Direct Ink Writing–Based Fabrication and Evaluation of Customized High-Density Surface Electromyography Electrode Arrays for Hand Gesture Classification
Received: Dec 07, 2025; Revised: Feb 23, 2026; Accepted: Mar 11, 2026
Published Online: Apr 22, 2026
Abstract
High-density surface electromyography (HD-sEMG) is increasingly important for wearable hand-gesture recognition and human–machine interface (HMI) applications. However, commercial wet electrodes still require conductive creams and adhesive foams, which can cause impedance instability, skin irritation, and hygiene issues during long-term use, limiting wearable practicality. Here, we developed a gel-free 36-channel stretchable HD-sEMG electrode using a Direct Ink Writing (DIW) process and validated its printing precision, electrical/mechanical stability, and machine-learning-based gesture classification performance. Ag interconnects and dome-shaped Ag/AgCl electrodes were printed on a TPU substrate and encapsulated with PDMS. Process optimization achieved a line width of 217 ± 9.01 µm and a dome height of 569.3 ± 19.9 µm at a 4 mm pitch, close to the target dimensions. Based on area-normalized impedance (|Z|·A), the printed electrode showed lower impedance than a commercial electrode across the measured frequency range. During a 6-hour wear test, repeated EIS measurements showed that the 1 kHz impedance stabilized from 1.66 MΩ to 0.95–1.02 MΩ, while the coefficient of variation remained around 1% at most time points.
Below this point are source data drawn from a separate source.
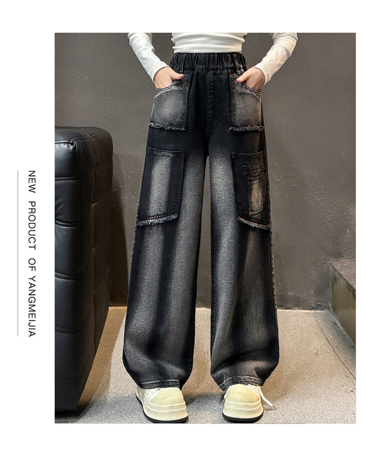 소녀 가을 바지 2024 새로운 서양 스타일 초가을 큰 어린이 가을 청바지 어린이 봄과 가을 스트레이트 와이드 다리 바지
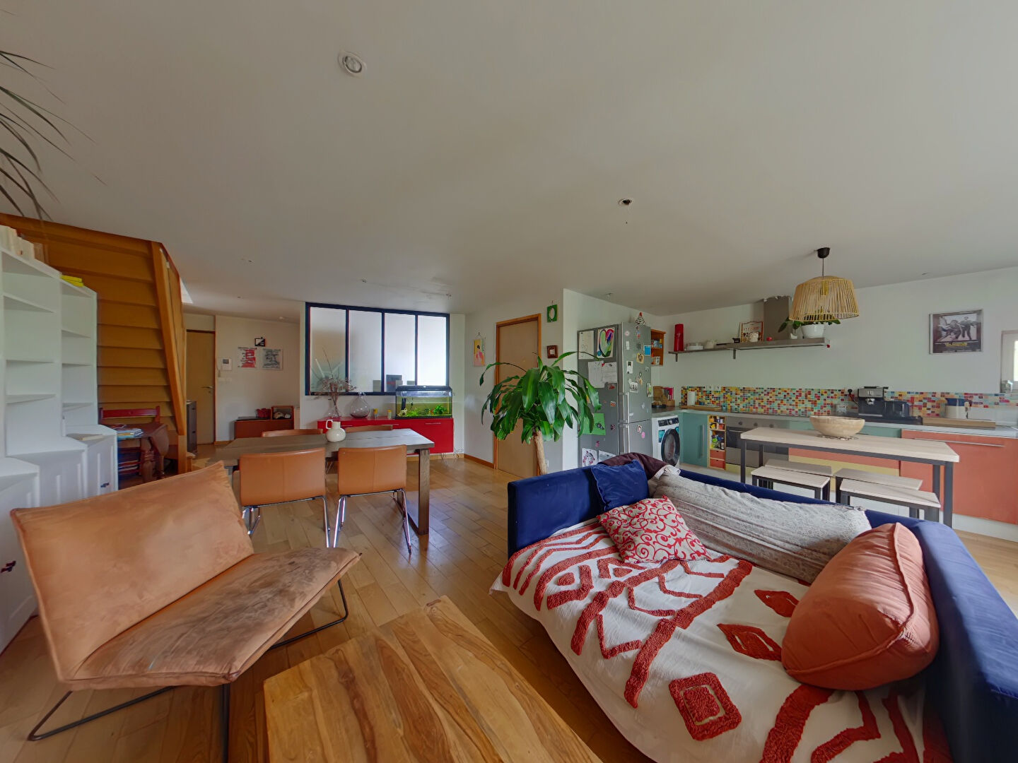 L'escalier qui mène à l'appartement est privatif. Au premier niveau, une très belle pièce lumineuse de 40m² avec cuisine ouverte. A c...
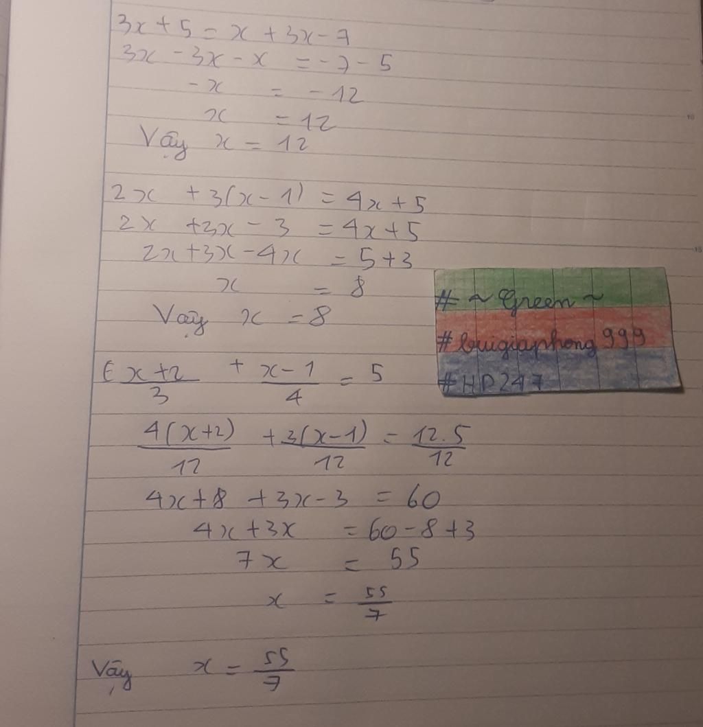 `3x +5 = x + 3x - 7`

Under 30% strain for 1000 tensile cycles, the electrode maintained electrical continuity and mechanical stability. In forearm HD-sEMG experiments, the electrode achieved SNRs of 17.06–21.34 dB (30% MVC) and 26.07–26.26 dB (100% MVC), and CNN and CNN–ViT models classified eight hand gestures with accuracies of 91.1% and 92.2%, respectively. These results demonstrate that the DIW-based gel-free electrodes can reliably acquire multi-channel muscle signals and suggest that muscle-informed channel grouping can be utilized in machine-learning frameworks for gesture applications.